This is a toy classifier (not supposed to do well) based on compression. Specifically, nearness of data instances to a class are calculated by seeing how well the instances compress together with the training instances of that class.

Lets begin with a few basic imports:

from zclf import ZlibClassifier
from sklearn.model_selection import train_test_split
from sklearn.metrics import accuracy_score
from sklearn.datasets import load_digits

For working with any dataset, we need to have a mechanism for encoding each instance (the X values) in a string of bytes so that the compressor can pick it up. To make the classifier very black boxy, lets just encode each x using its string representation.

def encoder(x):
    return str(x).encode("utf-8")

Classification goes like this

X = load_digits()["data"]; y = load_digits()["target"]
X_train, X_test, y_train, y_test = train_test_split(X, y, test_size=0.33, random_state=1)
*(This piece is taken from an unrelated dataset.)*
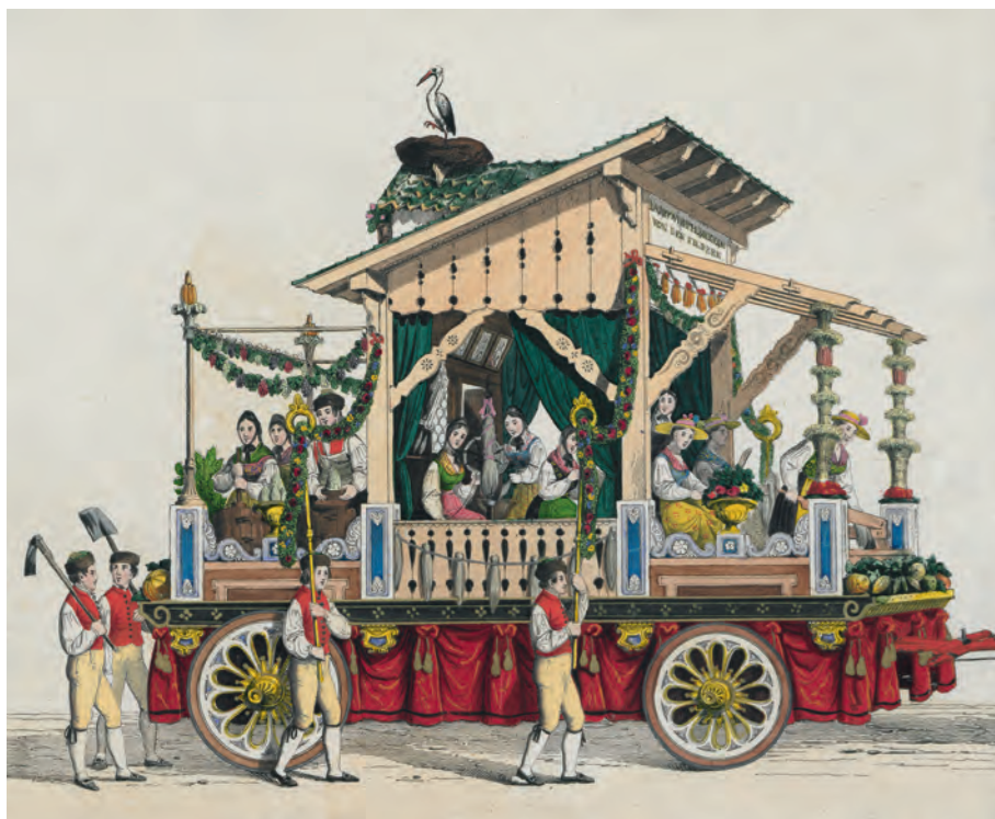
Flachsbereitung auf den Fildern. Wagen im Festzug der Württemberger 1841.

Wie sozio-ökonomische Faktoren damals zusammenhingen, zeigt die Geschichte der Rübenzuckererzeugung in Württemberg. Auch hier war die Centralstelle führend, vor allem die technischen Experten, die 1836 das Schützenbachische Patent der Zuckergewinnung aus Runkelrüben zu begutachten hatten. Von ihrem Urteil hing die Vergabe eines landesweiten Patentes ab. Denn wenn sich bewahrheiten sollte, dass sich aus Runkelrüben tatsächlich Zucker im großen Stil preiswert extrahieren ließe, dann könnten enorme Summen für die Einfuhr von Rohrzucker aus Westindien und anderen Ländern gespart werden. Da überall in Europa mit dem zuckerhaltigen Rübensaft experimentiert wurde, stand zu erwarten, dass irgendeinem Verfahren über kurz oder lang der Durchbruch zur Wirtschaftlichkeit gelingen werde. Zwar waren die Gutachter skeptisch, aber am Ende stimmten sie der Erprobung auf dem Rittergut Maisenhalden der Freiherren von

clf = ZlibClassifier(encoder)
accuracy_score(clf.fit(X_train, y_train).predict(X_test), y_test)
0.436026936027

The internal representation of each class is a concatenated string (bytes) of all the training instances belonging to that class. For a single instance, the input is a vector like:

X_train[0]
array([  0.,   0.,   0.,   0.,   5.,  15.,   8.,   0.,   0.,   0.,   0.,
         2.,  15.,  16.,   9.,   0.,   0.,   0.,   3.,  15.,  16.,  16.,
        10.,   0.,   0.,   7.,  16.,  10.,   8.,  16.,   7.,   0.,   0.,
         0.,   1.,   0.,   8.,  16.,   4.,   0.,   0.,   0.,   0.,   0.,
        11.,  16.,   1.,   0.,   0.,   0.,   0.,   0.,   9.,  16.,   1.,
         0.,   0.,   0.,   0.,   0.,   8.,  14.,   0.,   0.])
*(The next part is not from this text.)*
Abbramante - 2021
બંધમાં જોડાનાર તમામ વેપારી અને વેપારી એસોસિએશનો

Its encoding (first 100 bytes) is:

encoder(X_train[0])[:100]
b'[  0.   0.   0.   0.   5.  15.   8.   0.   0.   0.   0.   2.  15.  16.   9.\n   0.   0.   0.   3.  15'

The compressed representation (first 20 bytes) looks something like

import zlib
zlib.compress(encoder(X_train[0]))[:20]
b'x\x9c\x8bVP0\xd0S\xc0 L\x81\x84!\x88P\xb0\xc0"\x0b'

Lets try changing the encoding to one which groups numbers

clf = ZlibClassifier(lambda x: str(x // 10).encode("utf-8"))
accuracy_score(clf.fit(X_train, y_train).predict(X_test), y_test)
0.638047138047

Neat. Lets now make the numbers look like a string of repetitions so that 4 is closer to 5.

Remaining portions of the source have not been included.